Understanding Language Prior of LVLMs by Contrasting Chain-of-Embedding
Large vision-language models (LVLMs) achieve strong performance on multimodal tasks, yet they often default to their language prior (LP) – memorized textual patterns from pre-training while under-utilizing visual evidence. Prior analyses of LP mostly rely on input-output probing, which fails to reveal the internal mechanisms governing when and how vision influences model behavior. To address this gap, we present the first systematic analysis of language prior through the lens of chain-of-embedding, which examines the layer-wise representation dynamics within LVLMs. Our analysis reveals a universal phenomenon: each model exhibits a Visual Integration Point (VIP), a critical layer at which visual information begins to meaningfully reshape hidden representations and influence decoding for multimodal reasoning. Building on this observation, we introduce the Total Visual Integration (TVI) estimator, which aggregates representational discrepancy beyond the VIP to quantify how strongly visual query influences response generation. Across 60 model-dataset combinations spanning 10 contemporary LVLMs and 6 benchmarks, we demonstrate that VIP consistently emerges, and that TVI reliably predicts the strength of language prior. This offers a principled toolkit for diagnosing and understanding language prior in LVLMs.
💡 Research Summary
The paper tackles the pervasive issue that large vision‑language models (LVLMs) often default to language priors (LP) learned during massive text pre‑training, neglecting visual evidence. Prior work has mainly probed LP through input‑output behavior, which cannot reveal where inside the network visual information begins to influence reasoning. To fill this gap, the authors introduce a novel analysis framework based on the “chain‑of‑embedding”—the sequence of hidden states across the model’s decoder layers. For each layer l they extract two embeddings: Zₗ^vis (from a multimodal input containing both image and text) and Zₗ^blind (from text‑only input). By measuring a distance d(Zₗ^vis, Zₗ^blind) (cosine distance by default) they define an expected representation distance Dₗ for two data distributions: vision‑dependent (P_VT) and vision‑independent (P_T).

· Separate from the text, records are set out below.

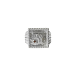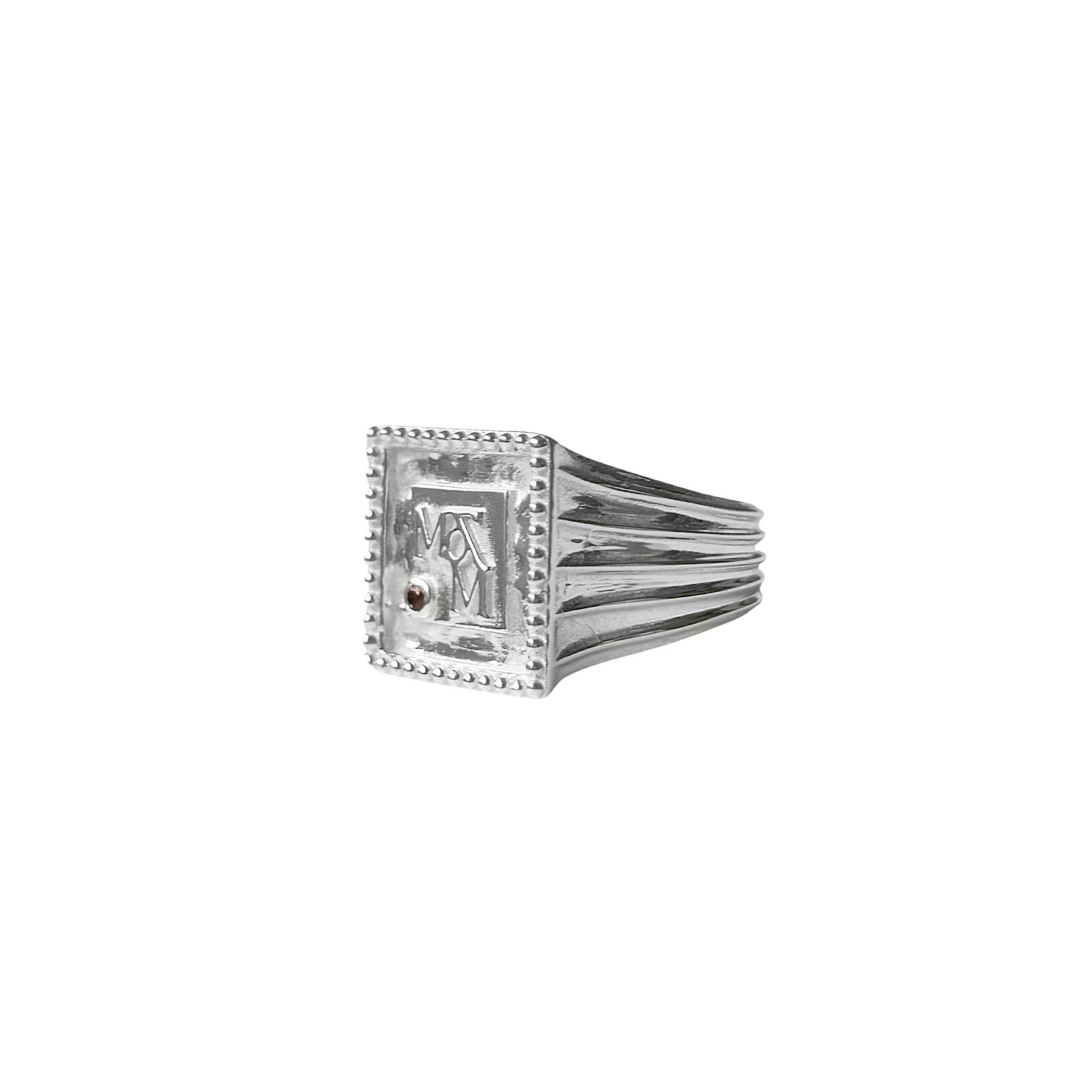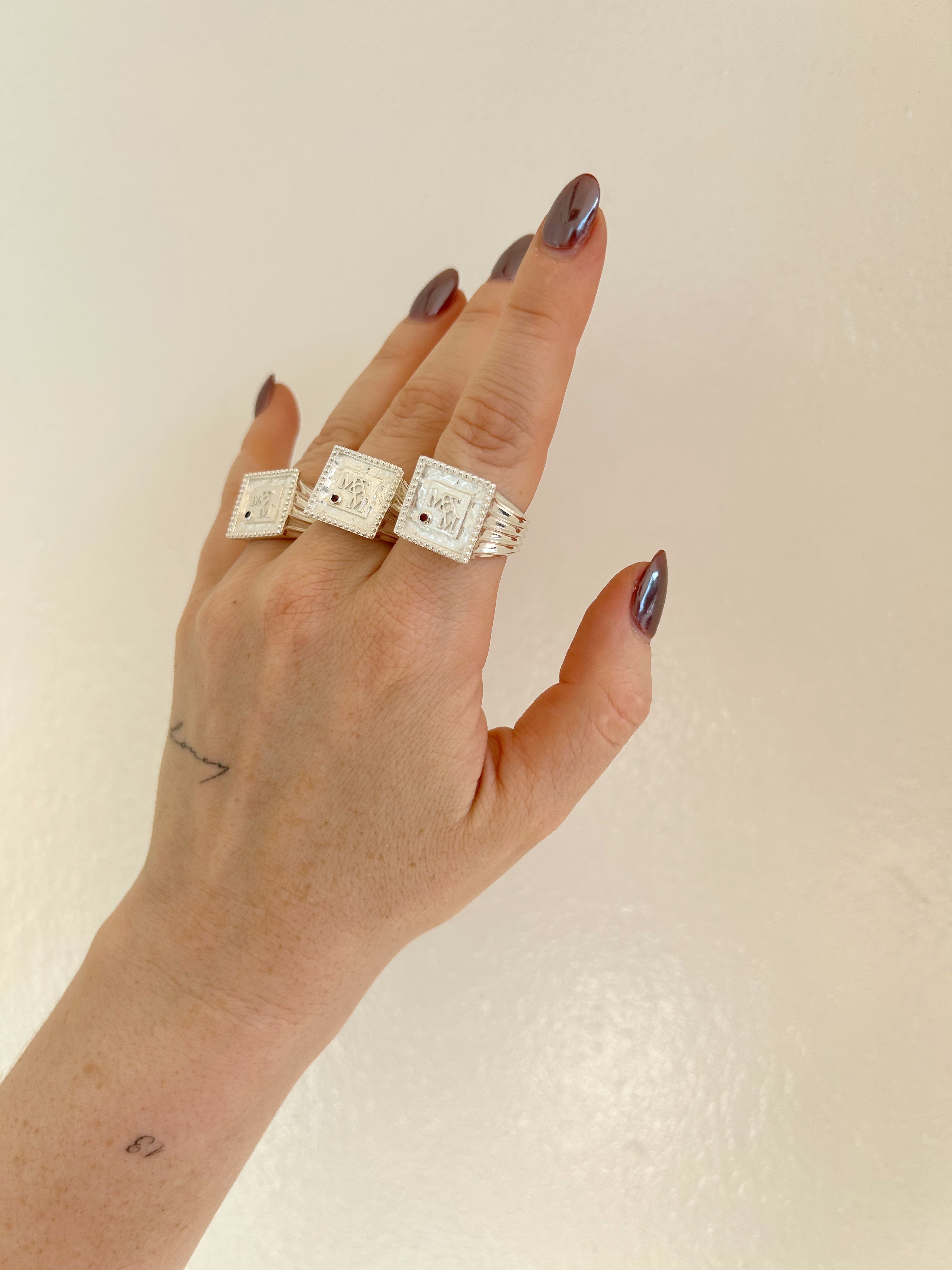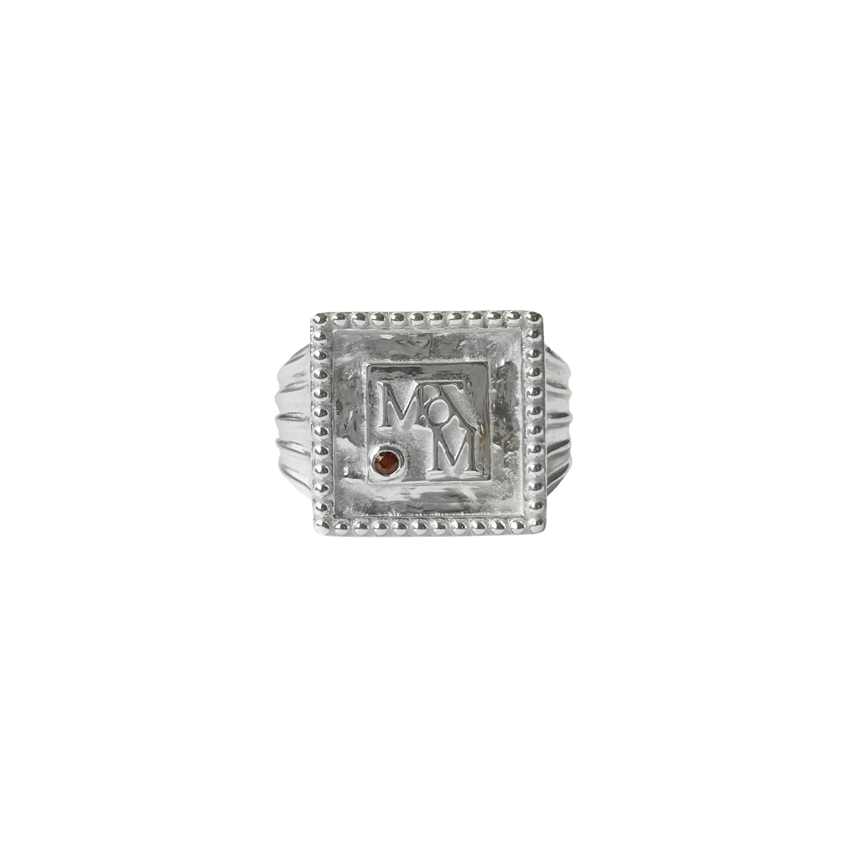 Our MM Signet is a special piece. Now in her silver ear... An iconic signet style ring taken to the next level with our signature rava ball design and the MM logo shining bright in the centre with an inset garnet. Up the WOW factor on your ring party with this bold and beautiful design that is sure to send compliments your way!
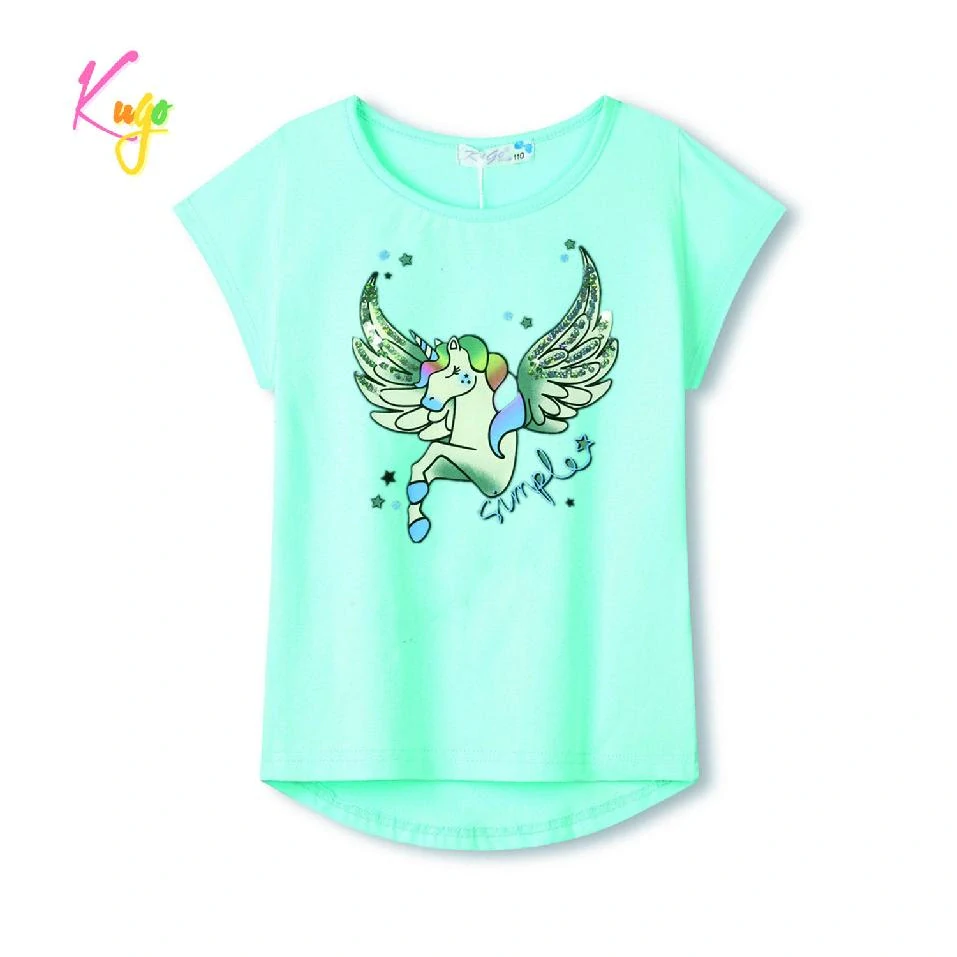 Dívčí bavlněné tričko značky Kugo s krátkým rukávem a obrázkem jednorožce. Tričko Kugo je vyrobeno z příjemného bavlněného materiálu s příměsí elastanu, na předním dílu je obrázek, zadní díl je jednobarevný.
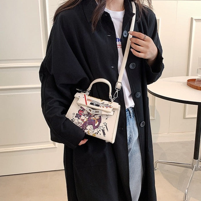 This handbag is made of PU leather. It has a cartoon printed design and a handle. It is cute and trendy. You can use this handbag for daily purpose. It is durable and sturdy.
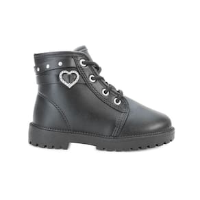 Nome: Bota Coturno Molekinha MK24-21265. Gênero: Menina. Indicado Para: Dia a dia. Estilo da Peça: Casual - Moda. Material Externo: Alternativo. Material Interno: Têxtil macio. Detalhe: Metalizado e pingente de coração. Fechamento: Cadarço. Palmilha: Forrada e macia. Altura do Cano: 7,5 cm. Circunferência: 20 cm. Tipo de Solado: Levemente tratorado. Solado: Borracha antiderrapante. Peso do Produto: 466 g (o peso varia de acordo com a numeração). Garantia do Fabricante: Contra defeito de fabricação. Origem: Nacional. Código Produto: 04070281. Marca: Molekinha.
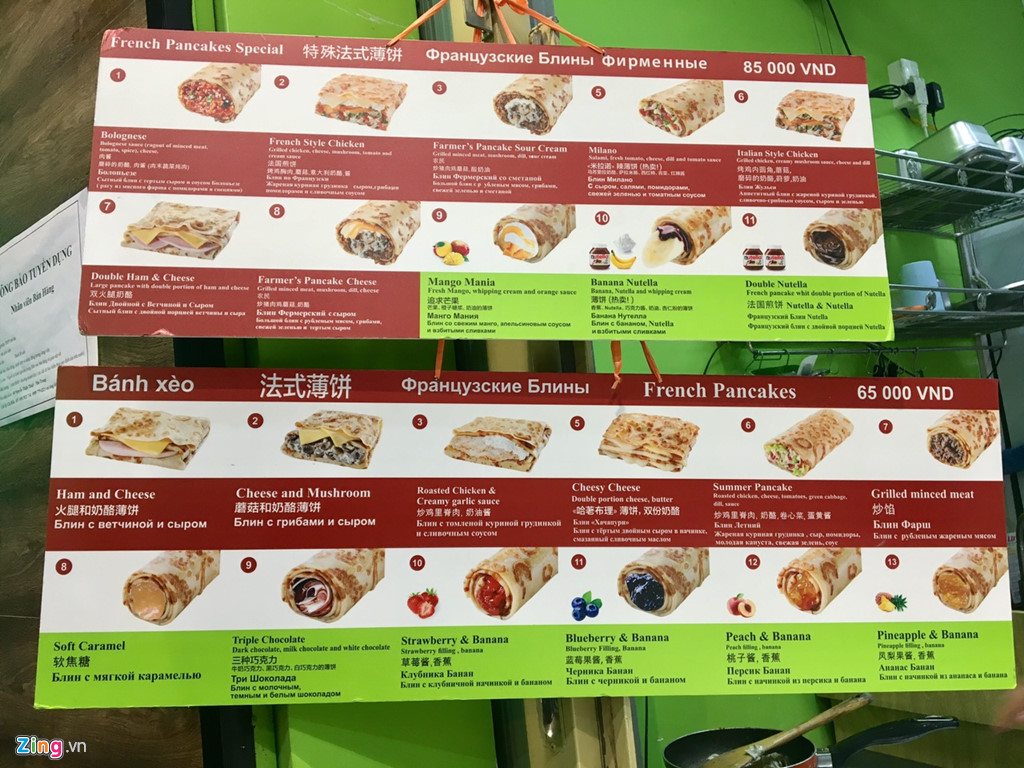 Ngoài chữ bánh xèo, cả thực đơn này không có chữ tiếng Việt nào. Khi được hỏi về nguyên liệu của các loại bánh, khách hàng được yêu cầu “nhìn hình và đoán”. Ảnh: Ngân Giang.
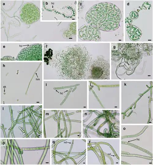 Scale bar = 10 μm. Abbreviations: hc - heterocyst, ak - akinete, hm - hormogonium, nd - necridia
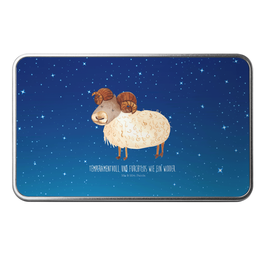 Metalldose rechteckig Sternzeichen Widder - mit Spruch - Sternenhimmel Blau

The central hypothesis is that there exists a specific layer l*—the Visual Integration Point (VIP)—where the distance between Zₗ^vis and Zₗ^blind begins to rise sharply for vision‑dependent samples while remaining near zero for vision‑independent ones. Before VIP the model processes visual features superficially; after VIP it actively integrates visual cues into its reasoning. Empirically, the authors observe a clear VIP in every examined LVLM, with its position being relatively stable across datasets but varying across model architectures (e.g., around layers 18‑20 for Qwen2.5‑VL‑7B and 20‑22 for Gemma‑3‑4B).
Building on VIP, the paper proposes the Total Visual Integration (TVI) metric, which aggregates the representation distance across all layers after VIP: TVI = Σ_{l≥l*} Dₗ(P_VT, F) – Dₗ(P_T, F). TVI quantifies how much visual information actually shapes the final answer. A high TVI indicates strong visual grounding, whereas a low TVI signals heavy reliance on language priors.
The authors evaluate ten contemporary LVLMs on six multimodal benchmarks (MME, MMBench, VLind‑Bench, etc.), yielding 60 model‑dataset configurations. Across all settings, VIP consistently emerges, and TVI correlates strongly with performance on vision‑heavy tasks, outperforming alternative proxies such as visual‑attention weights or output divergence scores. They also provide a theoretical interpretation of TVI in information‑theoretic terms and derive upper and lower bounds based on model capacity and modality alignment.
Overall, the study delivers a principled toolkit for diagnosing language prior in LVLMs: (1) a method to locate the internal layer where visual integration truly begins, and (2) a quantitative metric (TVI) that reflects the extent of visual grounding on a per‑sample basis. This framework enables fine‑grained, annotation‑free analysis, offers insights for model debugging and architecture design, and paves the way for future work aimed at reducing harmful language‑prior reliance in multimodal AI systems.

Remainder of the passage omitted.